Collection entries:
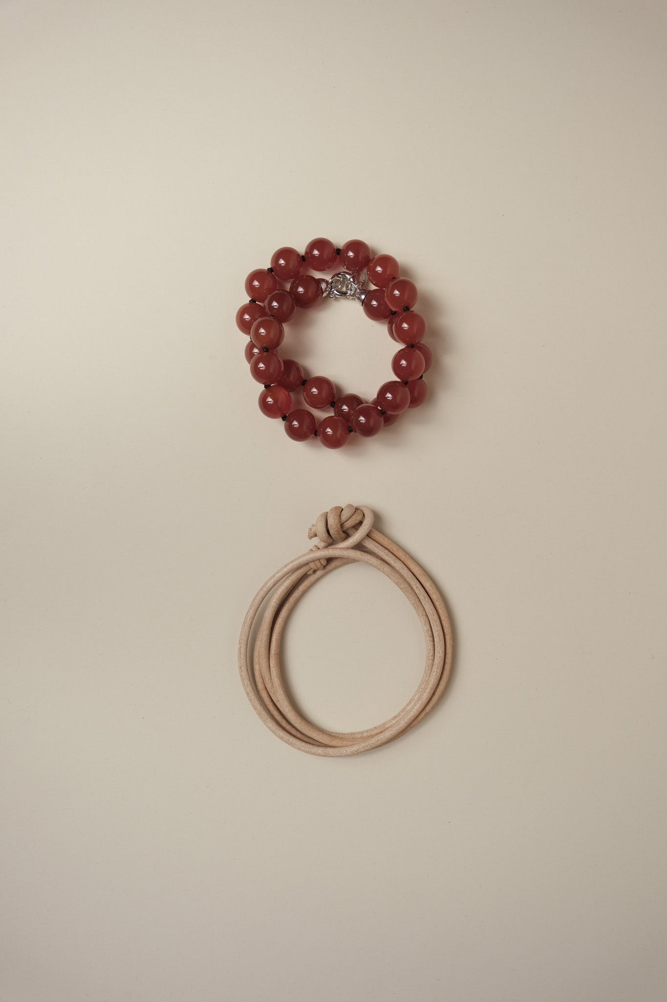Die Stücke bestehen aus natürlichen Edelsteinen wie Onyx, Karneol, Jaspis oder Rhodonit. Sie sind bewusst als Sammlerstücke konzipiert: kombinierbar, vielseitig tragbar, zeitlos.
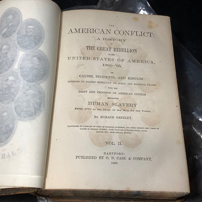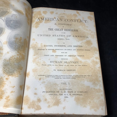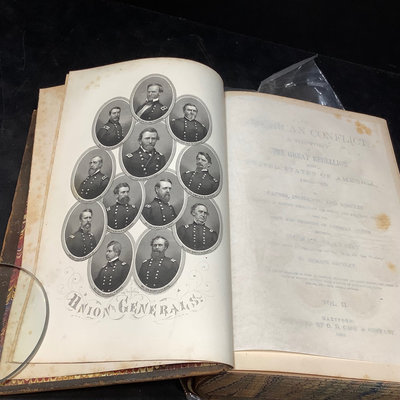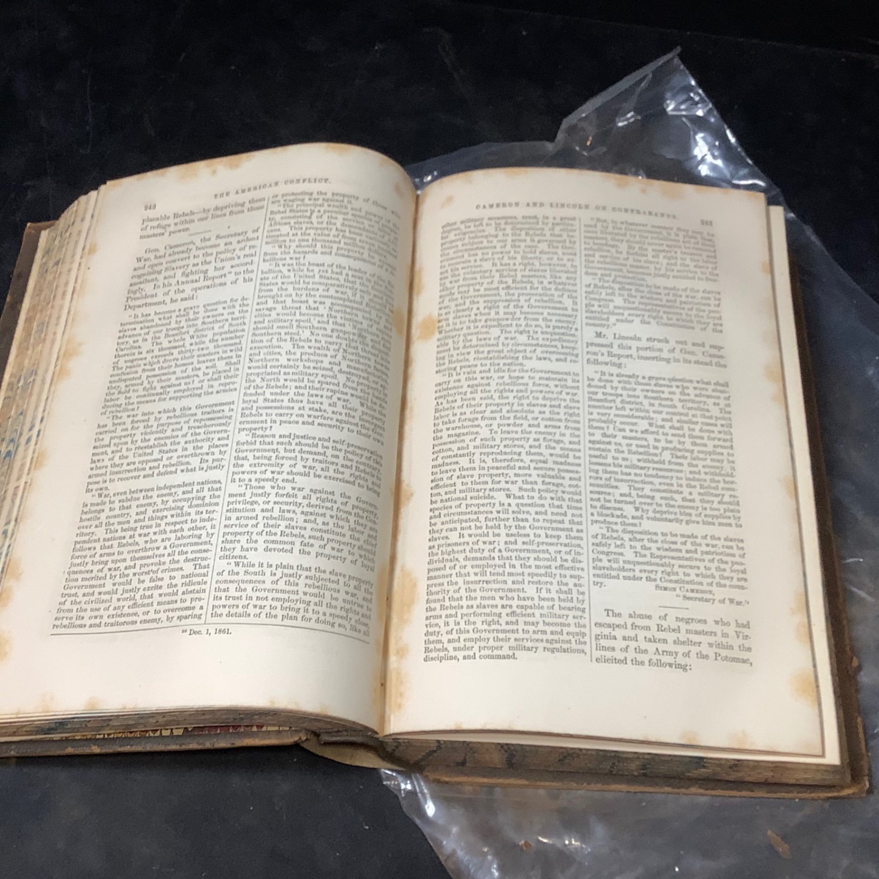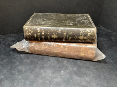 The American Conflict, 2 volumes, Vol 1 1864, Vol II 1866, published by O.D. Case & Co. Dry and brittle, foxing. 6.5x10x2.5. 2 pieces.
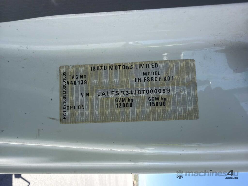 CP: 01/2009,Isuzu,FSR 700,EWP,Automatic,Spring,Engine #: 6HK1469423,Sitec Series III 235 HP,6 Cyl,Diesel Turbo,211042 (Kms. Showing on Odometer),4093 (Hrs. Showing on Hour meter),Colour: White,Rego. No: NP(XP74JX), Unregistered NSW,VIN: JALFSR34J87000059,Key No: 105E,Length: 8.1 m,GVM: 12000,GCM: 15000,Sold with No Plates,Key No: 105E
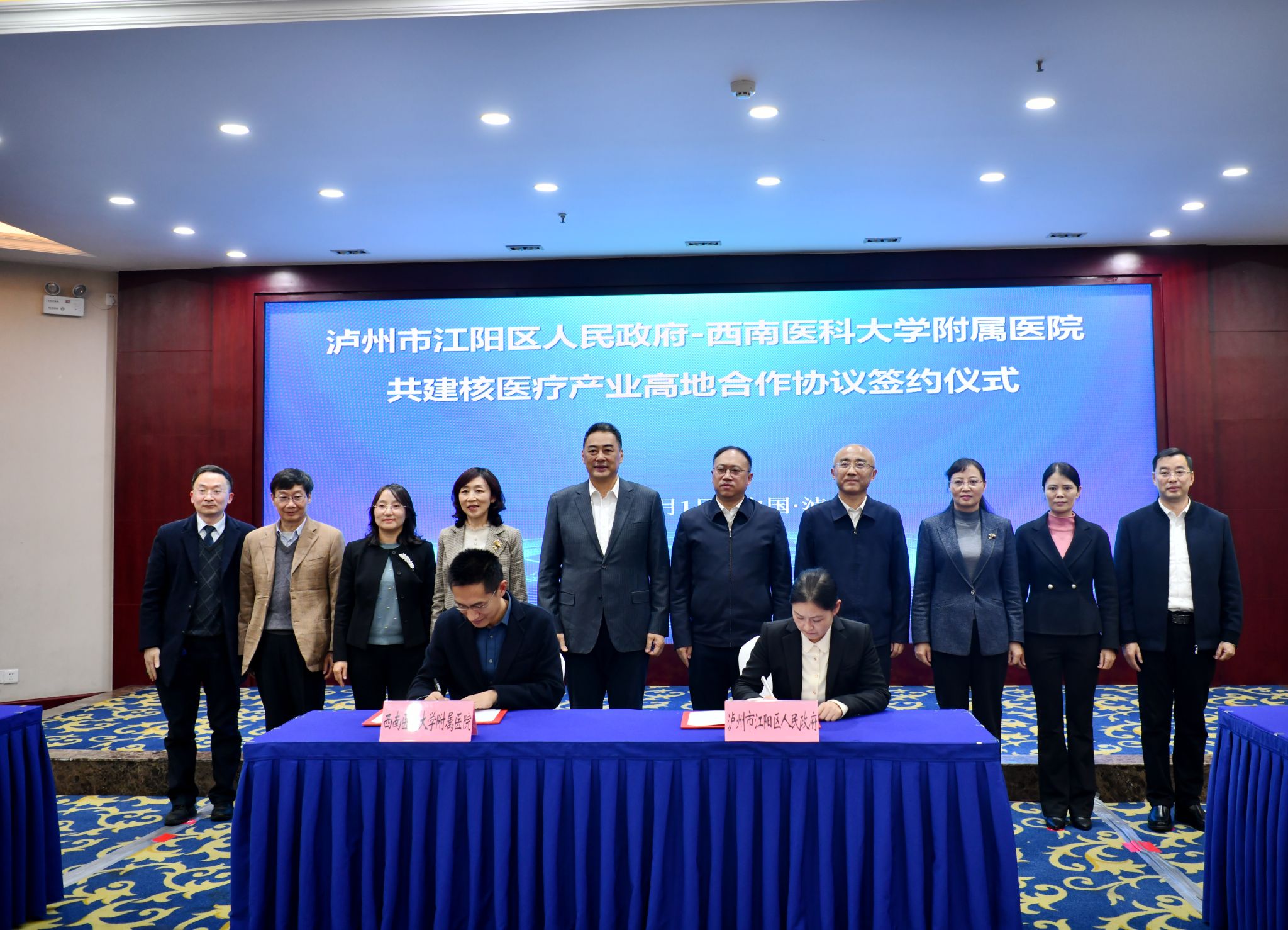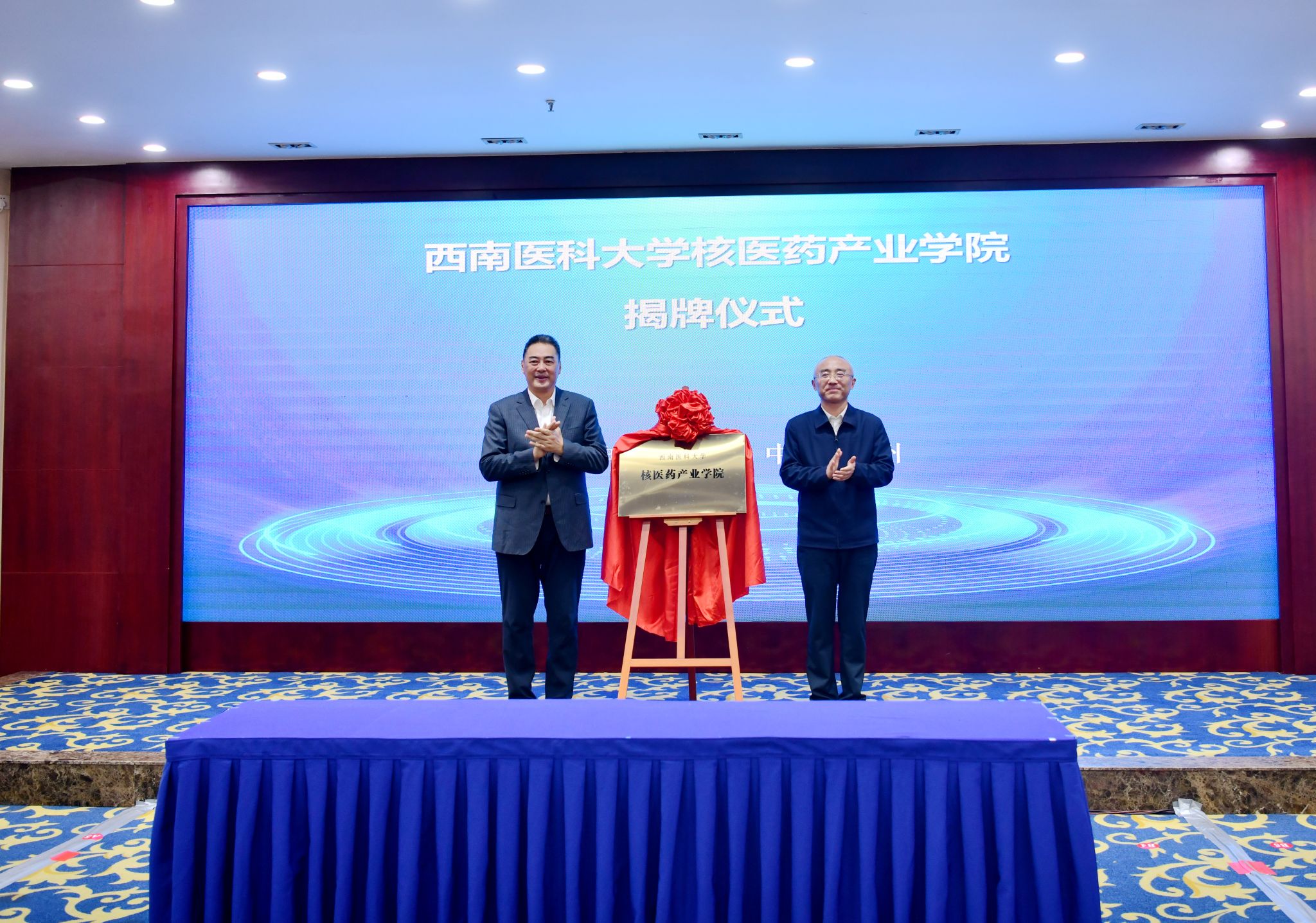 出席仪式的还有,学校党委常委、副校长,核医药产业学院院长何涛;学校党委常委、副校长,临床医学院附属医院院长江涌;泸州市江阳区区领导路敦琴、杨勰。
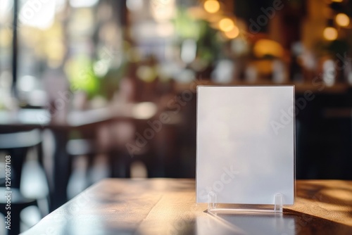 blank white acrylic menu holder sits atop an empty table in the foreground, with a blurred restaurant background.
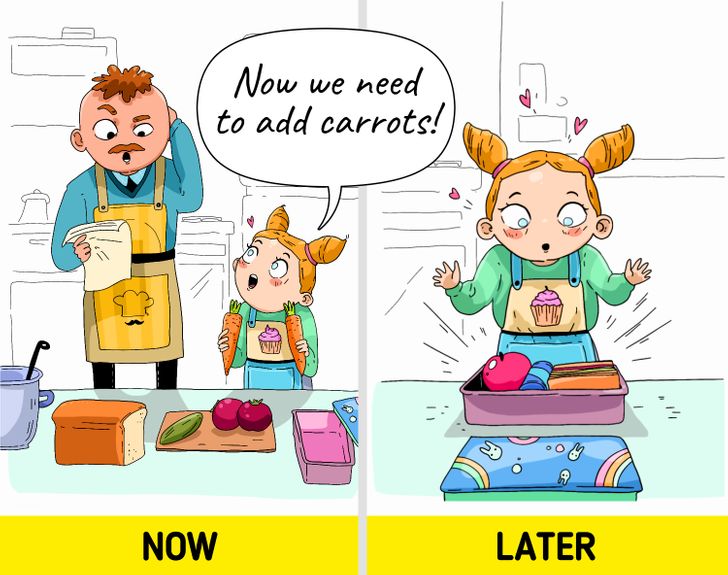 اوكلي مهمة تحضير صندوق الغذاء لطفلك اجعليه يقرر مقدار الكمية التي يحتاجها من الطعام طوال اليوم ومن هنا يتعلم مهارة التخطيط.
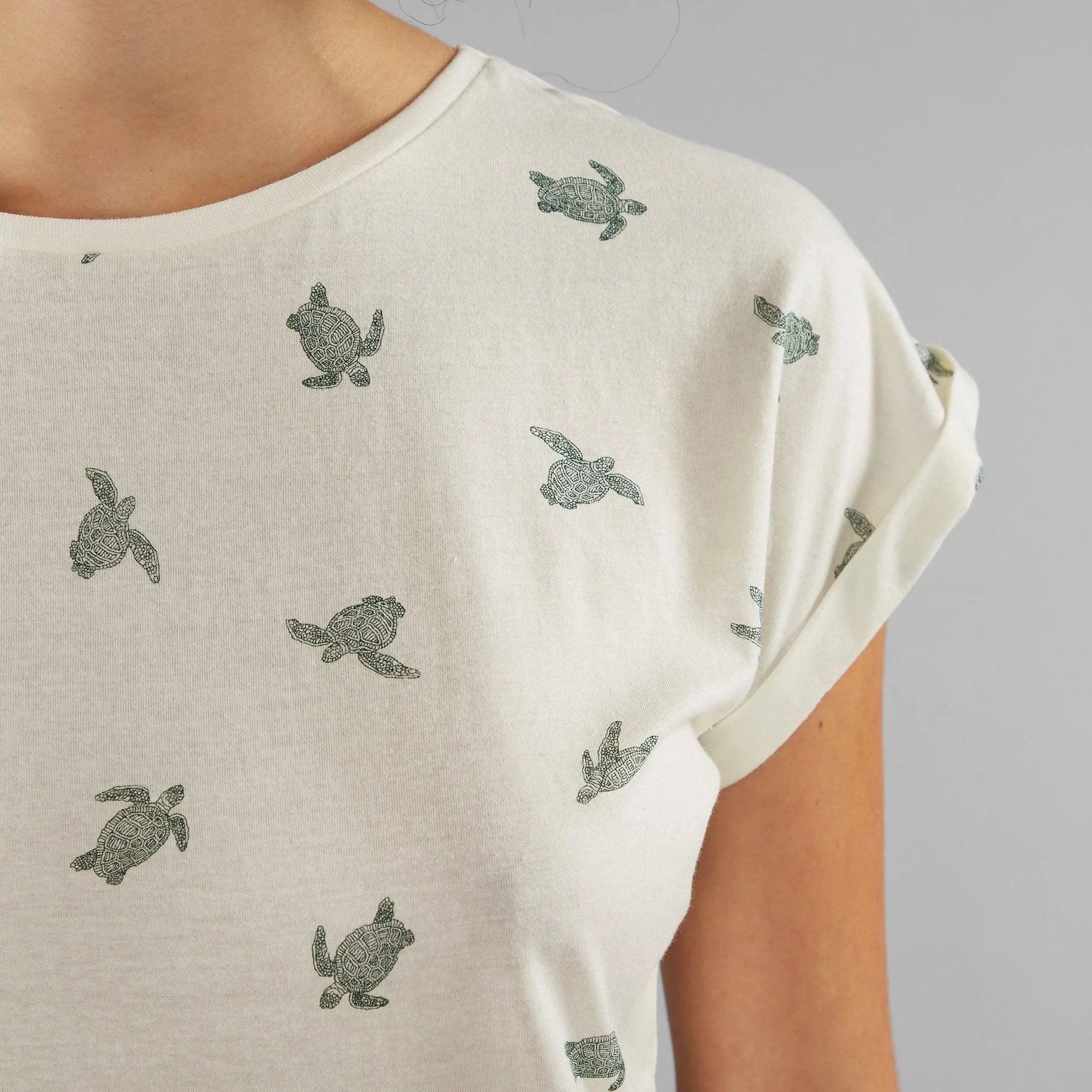 Damen-T-Shirt mit Rundhalsausschnitt und umgeschlagenen kurzen Ärmeln, nachhaltig hergestellt mit Rücksicht auf Mensch und Umwelt.

■ **Work item**
Your task is to transcribe exactly the lines from the one containing "اوكلي مهمة تحضير" through the final line of the entries above, pictures excluded.

■ **Answer to the problem**
 اوكلي مهمة تحضير صندوق الغذاء لطفلك اجعليه يقرر مقدار الكمية التي يحتاجها من الطعام طوال اليوم ومن هنا يتعلم مهارة التخطيط.
 Damen-T-Shirt mit Rundhalsausschnitt und umgeschlagenen kurzen Ärmeln, nachhaltig hergestellt mit Rücksicht auf Mensch und Umwelt.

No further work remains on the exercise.